(YOUR ASSIGNMENT): Skip the pictures and write out, word for word, the lines below from the one with "All-Copper Gunmetal Split" through the one with "Есть на фото", inclusive.

(DATASET RECORDS):
====

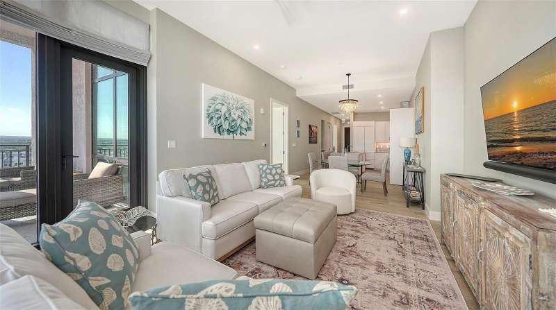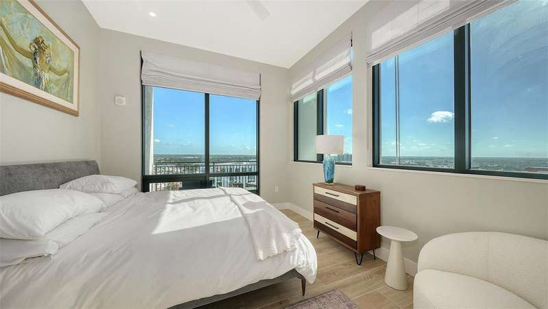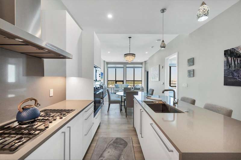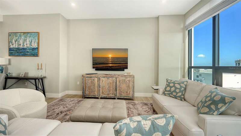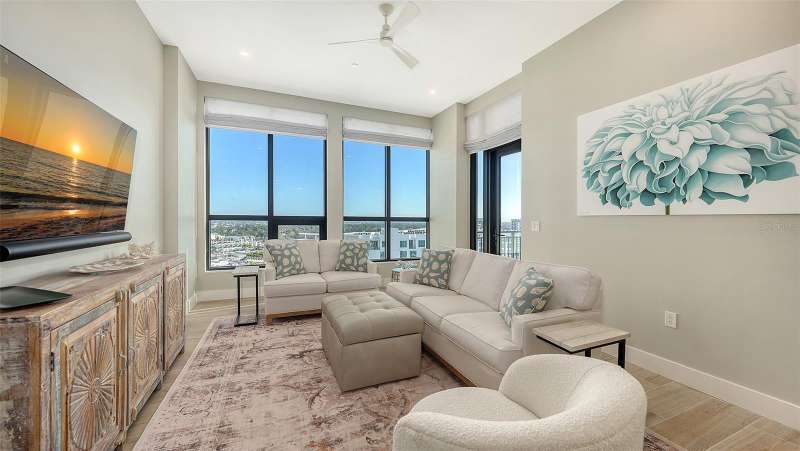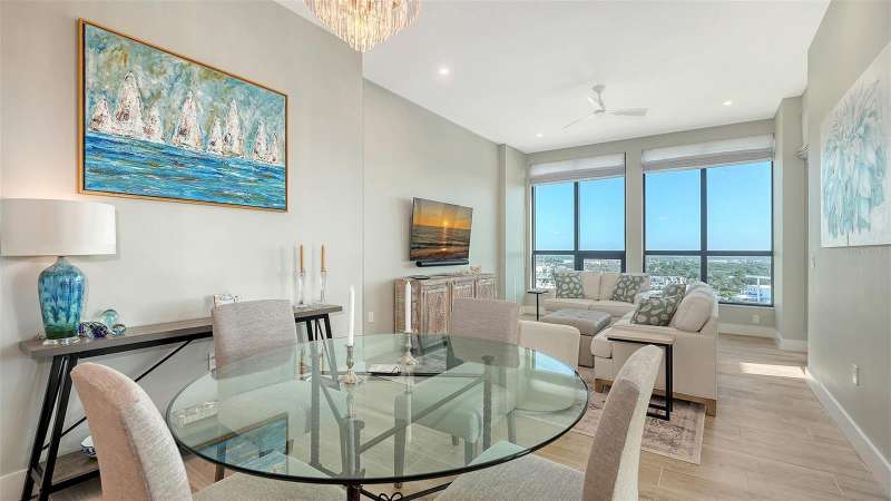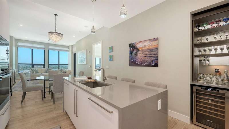 Welcome to the DeMarcay- an 18-story boutique condominium community on prestigious Palm Avenue, in the heart of downtown Sarasota. This impeccably designed 2-bedroom, 2-bathroom home on the 14th floor can be furnished and move-in ready- offering a seamless blend of luxury, comfort and convenience. Step inside to soaring 11-foot ceilings, elegant porcelain flooring, and expansive windows that fill the home with natural light and delightful city and bay views. The chef’s kitchen features Italian custom cabinetry, Miele appliances including a gas cooktop, sleek quartz countertops and a large island perfect for cooking and entertaining. Additional highlights include built-out closets, stylish window treatments, a custom-designed dry bar, and a temperature-controlled storage space. Relax on your private terrace and enjoy the abundance of natural light and sweeping views of Sarasota. The amenities are found on the 18th floor rooftop and include a heated saltwater pool and lanai area, an outdoor kitchen and casual entertaining space, a fitness center, and a sophisticated club room with a catering kitchen - all with unobstructed 360-degree views of the Bay and downtown skyline. On-site staff is available 24/7 providing resident services for owners and their guests. This is downtown living at its best.
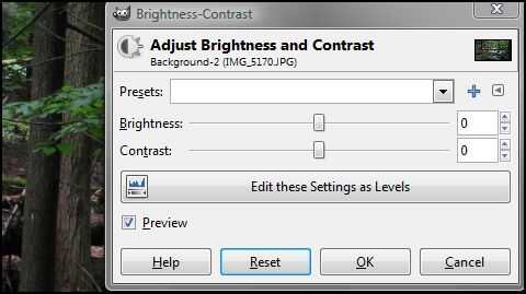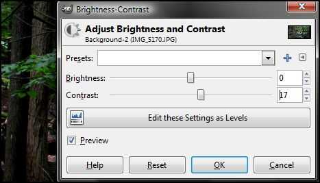 El primer paso en la edición es que capas de la caja de herramientas y haga clic en duplicar (Foto 2) y luego seleccione la nueva capa (copia de fondo) y haga clic en: colores > brillo contraste y deslice la barra de contraste hasta un punto donde las partes de la imagen que eran negro o más oscuro en la vida real son los mismos en la imagen. A continuación mi antes y después de fotos y usted puede ver opté por un ajuste de + 17 y usar los árboles como mi guía. Puede que deba jugar con esto un rato.
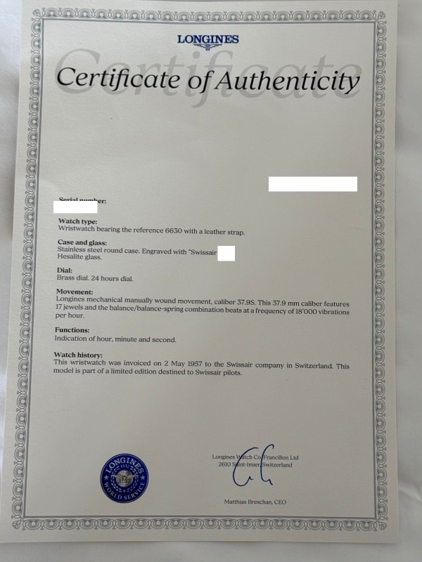 Il Longines Swissair Ref. 6630 è un orologio da aviatore eccezionalmente raro e di grande importanza storica, realizzato negli anni '50 esclusivamente per i piloti della Swissair.
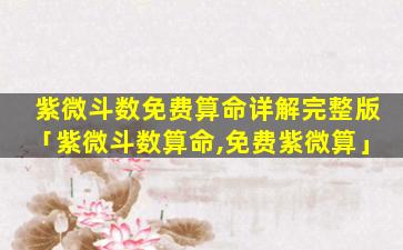 1、紫微 💮 斗数免费算 🐯 命详解完整版
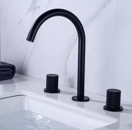 All-Copper Gunmetal Split Three-Hole Hot And Cold Water Faucet Set
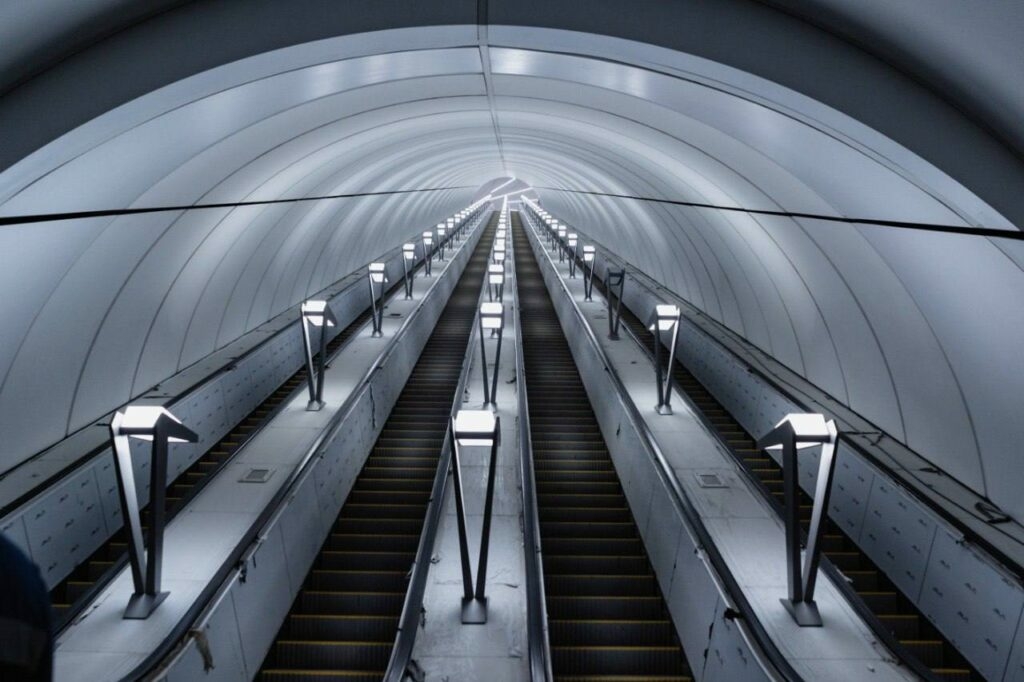 Есть на фото установленные эскалаторы, рядом с которыми сохранили производственную пленку до момента, пока не завершатся работы, а также пропускные терминалы, которые находятся у входа в подземку.
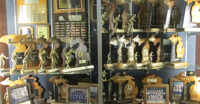 PHOTOS: (Top) Sean Sterling's hand is raised after his victory for Dundee during last season's MHSAA Team Final against Remus Chippewa Hills. (Middle) Dundee coach Tim Roberts celebrates during the championship match win at Central Michigan University. (Below) The Dundee trophy case is full of hardware celebrating the wrestling program's succcess. (Click to see more action photos from HighSchoolSportsScene.com; trophy and wall photos by Chip Mundy.)
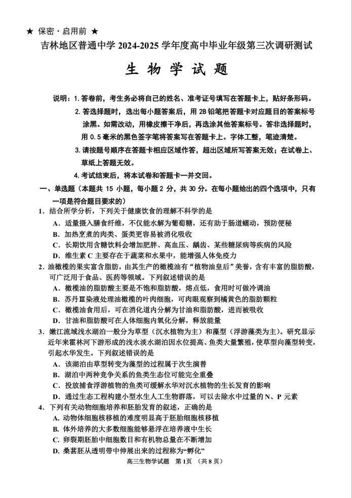 吉林省吉林市普通高中2025届高三第三次模拟测试生物
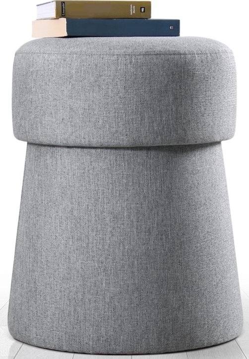Sittpuff av PVC. Klädd med bomull och linne. Stoppning av skum.

====

(EXERCISE ANSWER):
 All-Copper Gunmetal Split Three-Hole Hot And Cold Water Faucet Set
 Есть на фото установленные эскалаторы, рядом с которыми сохранили производственную пленку до момента, пока не завершатся работы, а также пропускные терминалы, которые находятся у входа в подземку.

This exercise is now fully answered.